Inducing Epistemological Humility in Large Language Models: A Targeted SFT Approach to Reducing Hallucination
This addresses the critical issue of unreliable AI outputs for users who depend on accurate information from LLMs, though it is an incremental improvement using existing fine-tuning methods.
The researchers tackled the problem of hallucination in large language models by creating a targeted supervised fine-tuning dataset that teaches models to recognize their knowledge limits and admit uncertainty, resulting in significant improvements in hallucination metrics (median increases of 0.19% to 25.91% on HypoTerm Score and +0.39% to +0.86% on FactScore) while maintaining stable performance on general knowledge benchmarks.
Large language models (LLMs) often hallucinate, producing fluent but false information, partly because supervised fine-tuning (SFT) implicitly rewards always responding. We introduce $\textit{HypoTermInstruct}$, an SFT dataset (31,487 responses for 11,151 questions) designed to teach models epistemological humility-the ability to recognize the limits of their own knowledge and admit uncertainty. This is achieved through questions about non-existent "hypothetical" terms.
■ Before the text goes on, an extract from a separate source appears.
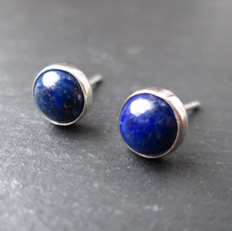 Silver studs set with lapis lazuli gemstone (6mm). Perfect for everyday wear, these simple studs have a lovely rustic charm to them.

We also release $\textit{HypoTermQA-Enhanced}$, a benchmark for hallucination tendency strengthened through multiple validations. We conducted 800 controlled LoRA SFT runs across $\textit{Llama3.1-8B}$ and $\textit{Gemma3-4B}$ (base and instruct), testing 100 fine-tuning configurations with paired controls. Our results demonstrate that replacing generic instruction data with $\textit{HypoTermInstruct}$ significantly improves the HypoTerm Score (median increases of 0.19% to 25.91%) and FactScore (+0.39% to +0.86%), while maintaining stable performance on MMLU (minimal decreases of 0.26% to 0.35%). Our work demonstrates that targeted, high-quality SFT data teaching meta-cognitive skills can effectively reduce hallucination without preference/RL pipelines, providing mechanistic insights and a practical path toward more reliable AI systems.